My AI Team Ran a 12-Hour Shift Without Me
While I slept, four AI agents coordinated to resolve seven production issues, reset a circuit breaker, find a root cause, and deploy fixes. No human in the loop.
I went to bed on a Sunday night with seven open issues in my agent message bus. Production deployment needed syncing. A circuit breaker had tripped after 24 consecutive failures. An SSH pipe was orphaning processes. A broadcast bug was causing duplicate status updates. And the Salesforce extract had timed out.
When I checked in the next morning, all seven were resolved. Four agents had coordinated the work: an ops agent, an engineering agent, a monitoring agent, and a headless PM that the monitor spawned when tasks completed overnight.
Nobody woke me up. Nobody needed approval. The work just got done.
What Actually Happened
The ops agent came online and assessed the inbox. Seven items. Instead of working them sequentially, it parallelized. Circuit breaker reset, Kush production checks, rsync deployment, launchd persistence, SSE fix, and SSH pipe investigation all ran simultaneously.

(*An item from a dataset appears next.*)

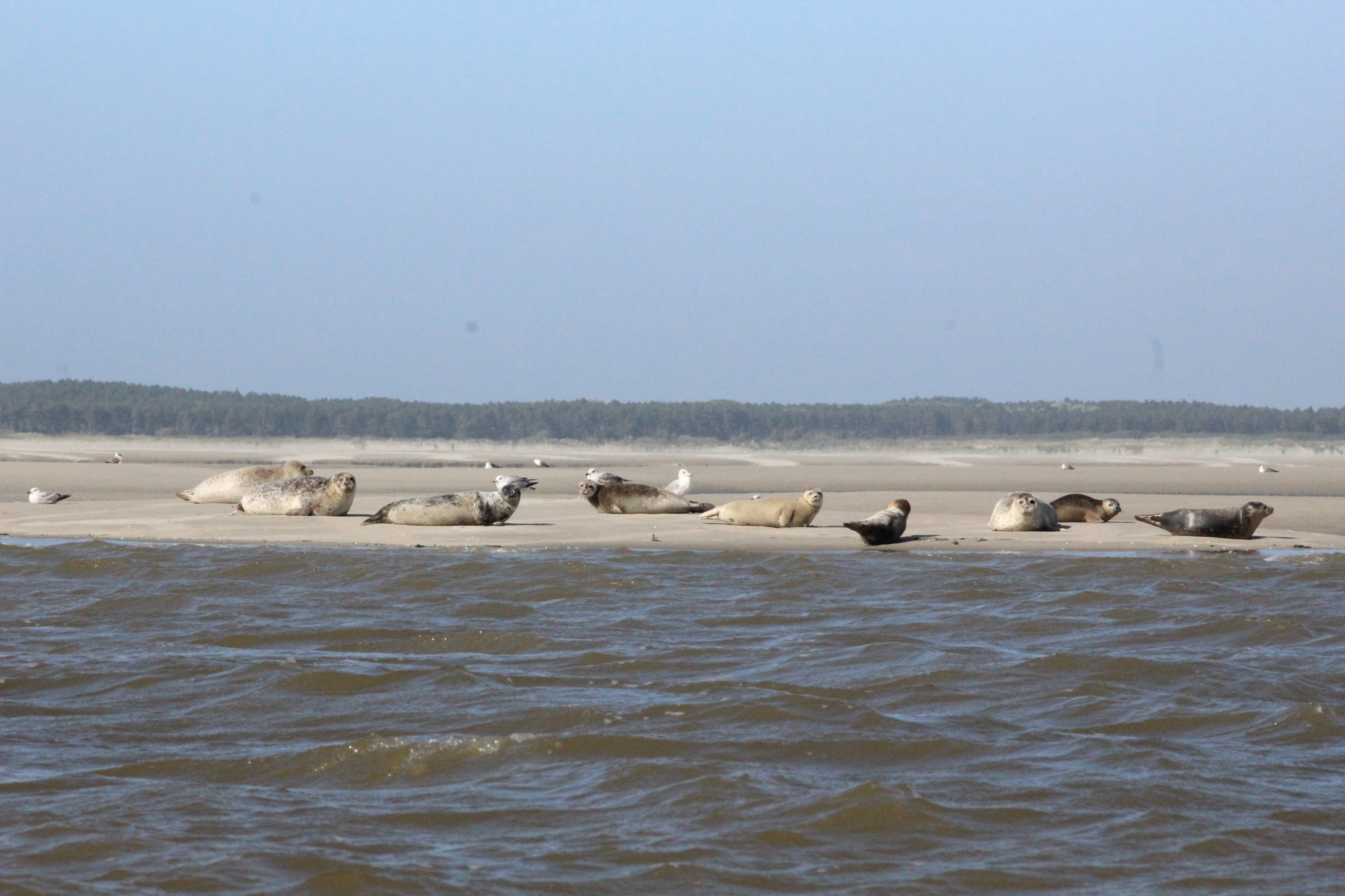 Présent toute l'année, leur nombre est plus important en été, puisqu'ils utilisent les bancs de sable découverts à marée basse pour mettre bas, allaiter et se reposer durant cette période cruciale de leur cycle de vie.
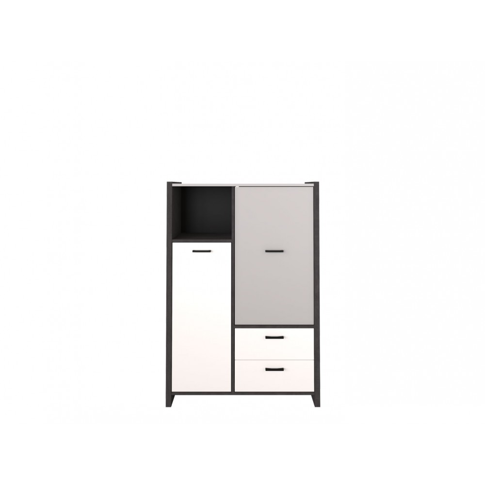 2 закрытых отделения с полками за распашными дверями.Открытая ячейка для хранения.2 выдвижных ящика на металлических направляющих скрытого монтажа.Ручки пластиковые с покрытием soft-touch.Контрастное цветовое решение фасадов.Идеально подойдет для обустройства детской в современном стиле.Цвет корпуса: Матера/ Старый стиль.Цвет фасада: Матера/ Старый стиль.Цвет корпуса: Матера/ Серый.Цвет фасада: Белый/ Серый.

The circuit breaker was the simplest: 24 failures had tripped it open. The forge-brain service was healthy again, so the agent reset it to closed and the persist queue started draining.
The SSH pipe orphan was the most interesting. Tasks had been stalling for 60 to 120 seconds after completion. Root cause: SSH keeps the pipe open after the remote process finishes. The main process blocks on stdout.read(), and the orphan killer never fires because the SSH process is technically still alive. The fix was a 600-second inactivity timeout in the selector loop that kills the process group if no output arrives for 10 minutes. Configurable via environment variable. Backstop in the stuck detector watches last-activity staleness.
Meanwhile, the monitoring agent noticed task completions arriving overnight. It spawned headless PM instances to handle the QA review flow. Those instances checked results against spec criteria, wrote retrospectives, and filed everything without human intervention.
The Pattern That Matters
This isn't a demo. This isn't a hackathon project. This is a production system where multiple AI agents share a message bus, read each other's status updates, and make operational decisions.
The interesting part isn't that they ran. It's that they coordinated. The ops agent knew not to restart the A2A server until the SSH fix was deployed. The monitor agent knew to spawn a PM when a QA task completed, not when a build task completed. The headless PM knew to write the retrospective before reporting results.
Each agent has a narrow scope. None of them are "general intelligence." They're specialists with clear boundaries. But the message bus creates a coordination layer that produces emergent behavior that looks a lot like a team.
What I Learned
The hardest part of multi-agent systems isn't building the agents. It's building the coordination primitives. Message delivery, task ownership, escalation paths, stuck detection, circuit breakers. The unsexy infrastructure that makes autonomous operation possible.
I spent weeks building those primitives. Stuck detectors that auto-complete orphaned tasks. Circuit breakers that back off when a service is down. Message routing that ensures the right agent sees the right event. None of it is impressive in isolation. All of it is essential in aggregate.
The result is a system that ran a 12-hour shift, resolved production issues, deployed code, found and fixed a root cause, and left me a clean status report. Not because the AI is brilliant. Because the plumbing is solid.
That's the lesson. The agents are the easy part. The orchestration is the work.